ABD Başkan Yardımcısı Dick Cheney'e, ayağını topraklarımıza değdirir değdirmez, ülkesinin Ankara'daki büyükelçiliği, ‘‘Türkleri övün’’ diye bir not iletmiş.

Notta, söylediği zaman halkın sempatisini çekebilecek, Türk toplumunun özelliklerini bildiğini ortaya koyacak örnekler varmış:

‘‘Turkey is a very nice country’’ (Türkiye çok güzel bir ülke), ‘‘Turkey is a model country’’ (Türkiye model bir ülke) gibi...

Ankara'daki arkadaşlarımız, ‘‘Cheney'e verilen bilgi notu, eski ABD Başkanı Bill Clinton'ın iki yıl önce Meclis'teki konuşmasında Türkçe cümleler kullanmasının ve Atatürk'ün sözlerinden alıntılar yapmasının sırrını da açığa çıkarmış oldu’’ diyorlar.

Önce belirtelim:

ABD'nin Ankara Büyükelçiliği eğer Bay Cheney'e böyle bir bilgi notu vermemiş olsa, herhalde ‘‘Elçiliğin görevini tam yapmadığı’’ söylenebilirdi.

Kaldı ki sadece Bay Cheney'e değil, herhangi bir lidere (hatta yurtiçi gezilerinde parti genel başkanlarına da) böyle gideceği yere varmadan önce bilgi verilir, yörenin övülecek tarafları anlatılır, değinilecek sorunlar ve çözüm yolları da öneri olarak sunulur.
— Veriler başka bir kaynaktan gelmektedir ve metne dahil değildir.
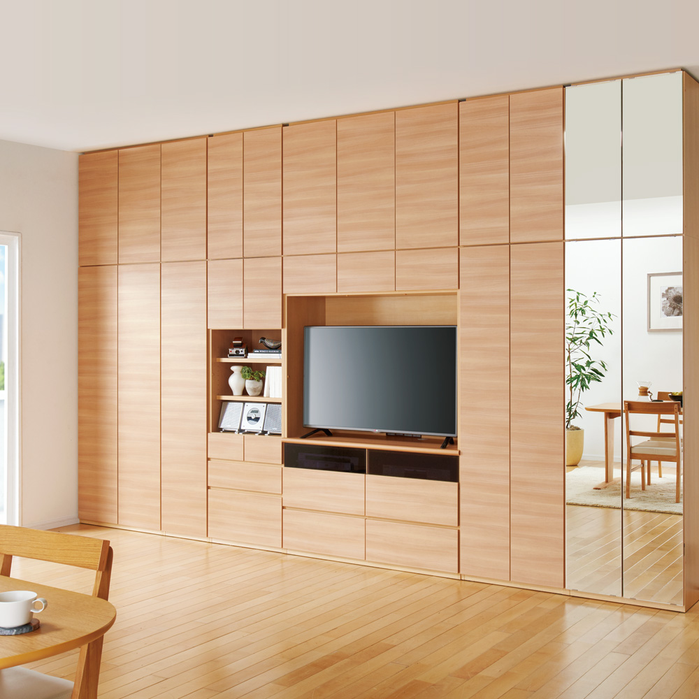 雑多な生活用品をキレイに隠してたっぷりしまえるシステム壁面収納。ライフスタイルに合わせて豊富なラインナップから組み合わせができます。別売りの高さオーダー突っ張り式上置きをジョイントすれば天井ぴったりの収納空間が実現します。前板の色見本は無料です。機能満載!様々なスペースに設置することを考えたシステム壁面収納家具が登場!●シリーズのテレビ台の種類は幅、奥行、テレビ設置高さ、デッキ類収納数、カラーで選べる24種類。●本体同士をつなげる側面の配線穴にコードを横に通せば壁際をはわせていたコードをすっきり隠せます。●配線に配慮した家具シリーズなので、テレビ、パソコン、オーディオ、AV機器類周りの壁面収納にピッタリ。●しかも奥行44cmの大容量収納タイプなので壁面いっぱいを収納スペースとして有効活用できます。●同シリーズのオーダー対応上置きと組み合わせれば、天井までのスペースいっぱいを収納棚としてご利用いただけます。●カラーは、ア)光沢感のあるホワイト イ)木目のやわらかい印象が特徴のナチュラル ウ)高級感あるウォルナット調のダークブラウン の3種類。●壁紙に合わせても、他の家具類や扉、窓枠、床色に合わせてもOK!
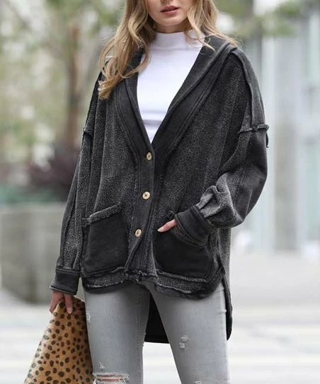 Button up this softly distressed French terry jacket when you’re craving a hint of extra coziness. Front pockets make it simple to carry small essentials.

Gerisi o liderin ferasetine kalır. Beceri sahibiyse o konuları çok iyi biliyormuş, üzerinde uzun süre çalışmış, çözümler üretmiş gibi görünür, puan toplar. Yeterince beceri sahibi değilse biraz ‘‘Fransız’’ kalır.
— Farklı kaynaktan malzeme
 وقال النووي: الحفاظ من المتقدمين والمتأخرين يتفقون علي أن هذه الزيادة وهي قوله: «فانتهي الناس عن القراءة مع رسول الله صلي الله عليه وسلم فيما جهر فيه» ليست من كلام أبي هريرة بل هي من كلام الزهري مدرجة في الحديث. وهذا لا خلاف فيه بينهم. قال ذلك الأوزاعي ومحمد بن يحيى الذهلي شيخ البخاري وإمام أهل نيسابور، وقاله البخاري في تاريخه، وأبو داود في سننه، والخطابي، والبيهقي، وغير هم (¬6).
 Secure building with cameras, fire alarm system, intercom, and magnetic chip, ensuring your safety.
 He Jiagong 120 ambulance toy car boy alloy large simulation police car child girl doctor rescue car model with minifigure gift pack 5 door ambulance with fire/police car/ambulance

Kısaca biz ‘‘Bilgi Notu’’nun verilmesinde değil, tuhaflığı kendimizde görüyoruz:

Gerçekten sevgili milletimiz dışarıdan bir yabancı gelince bizimle ilgili iyi bir şeyler söyleyecek mi söylemeyecek mi diye ağzına bakar. Aslı olsun olmasın, iyi bir şeyler söylediğine ilişkin haberleri okuyunca yahut öğrenince bayılır, ‘‘İşte bir dostumuz daha var’’ havalarına girer.
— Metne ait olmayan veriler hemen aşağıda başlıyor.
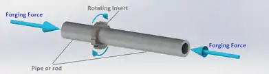 - Step 4, upsetting stage: the welded elements are still forging by forge pressure (pressed down),
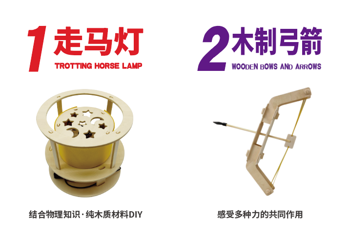 公益科创云课堂礼包第一阶段推出4款主题,每周1款,包括走马灯、木制弓箭、投篮机、发射弩、啄木鸟、地日月仪、疯狂赛车等。
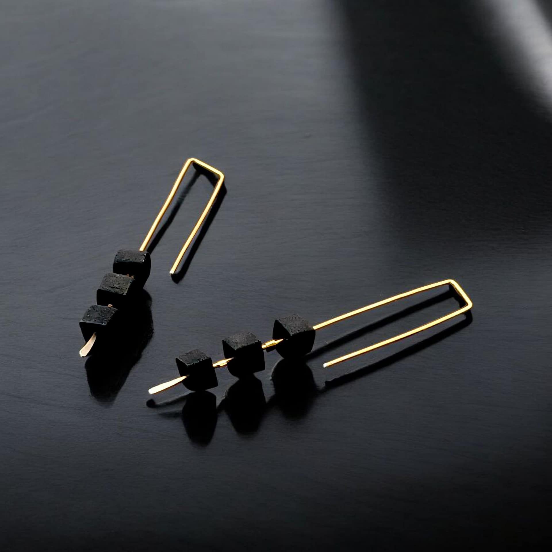 The elongated hook gives the earrings a clean, linear silhouette that feels both modern and timeless. Each cube is shaped by hand, giving every pair its own distinct character and a tactile, organic edge.
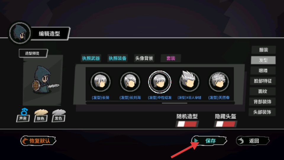 3、创建角色造型点击保存后即可开始游戏。
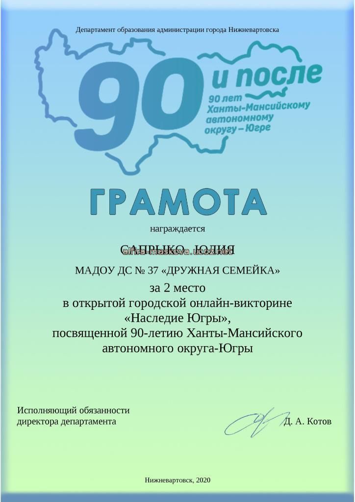Грамота 2 место в открытой городской онлайн-викторине "Наследие Югры", посвященное 90-летию ХМАО-Югры (Просмотр), (Просмотр), (Просмотр), (Просмотр)
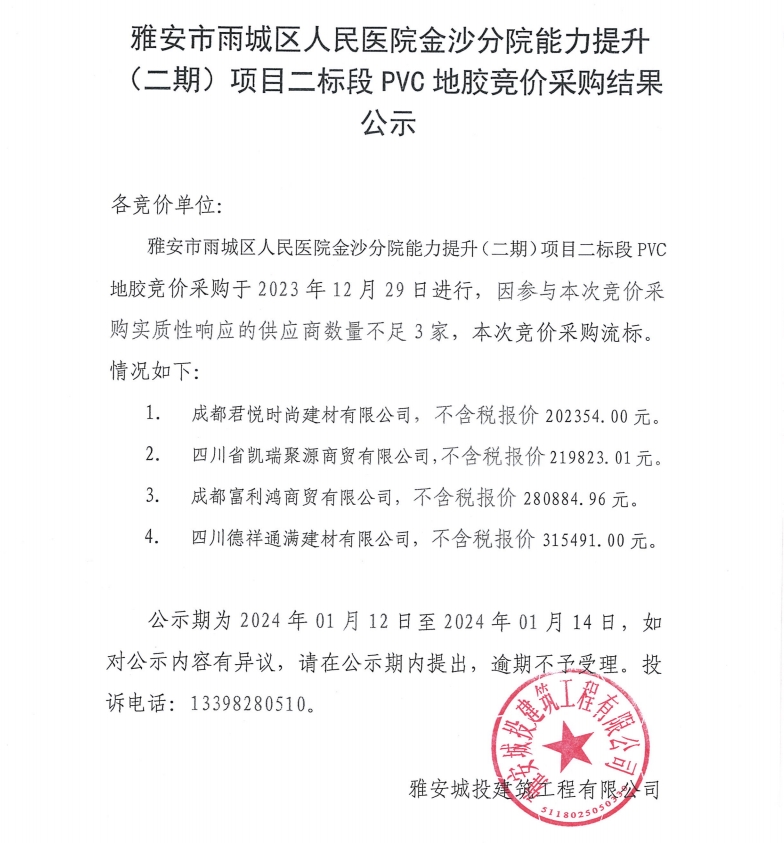 雅安市雨城區(qū)人民醫(yī)院金沙分院能力提升(二期)項目二標段PVC地膠競價采購結果公示
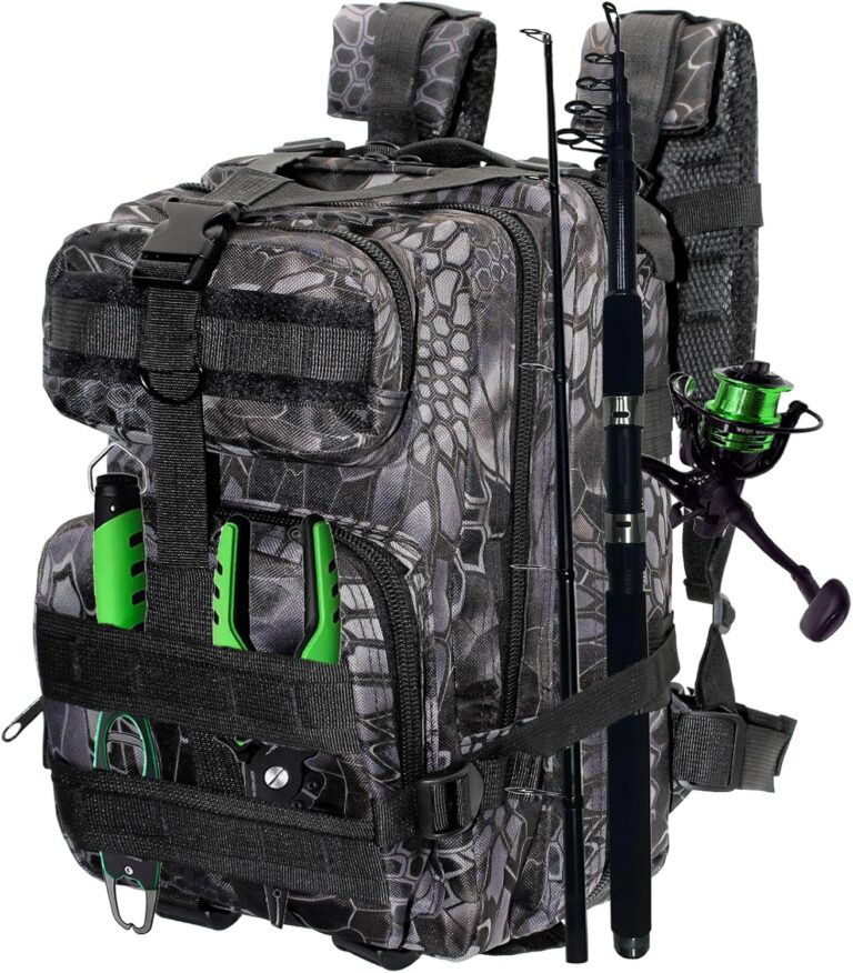 - Organization System and Fishing Rod Holder: In order to improve efficiency, this fishing backpack with rod holder has a webbing system can store pliers, bass bait, hunting knives, poles and all the equipment you need for a day of fishing, making it easy for you to access while keep them organized. Tackle backpack has a seperate soft-lined glasses pocket for quick removal of sunglasses. There are 2 rod holder pockets on the side, simple usability and strong stability, free your hands on walking

Bu düpedüz kolektif bir aşağılık kompleksi sorunumuz olduğunu gösterir, gelenlerin Türkiye'yi sevdiğini, bizim ne kadar aslan ne kadar kaplan olduğumuzu bir bakışta anladığını filan değil...

İçi boş, ama ambalajı güzel laflarla bizi -deyimi hoş görün- gaza getirirler. Bir bakarsınız, ‘‘21'inci asrın en umut veren ülkeleri’’ listesinin başına gelmişiz. Ertesi gün ‘‘Büyüyen 10 Pazar’’ (10 Emerging Markets) içinde sayılmışız. Söyleneni de irdelemeyiz. Örneğin neden ‘‘pazar’’ oluyoruz da ‘‘üreten ülke’’ kategorisine girmiyoruz, demeyiz. Övüyormuş gibi görünürken aslında bizi yerdiklerini görmezden geliriz.

Biz ‘‘Aslan Türkler! Dünyaya kahramanlık dersi verdiler’’ dedirtmek için 1950-53 arasında Kore'de 1000'den fazla evladığımızı toprağa gömüp gelmiş bir milletiz.

İyi de bu kadar saf olmaya mecbur muyuz?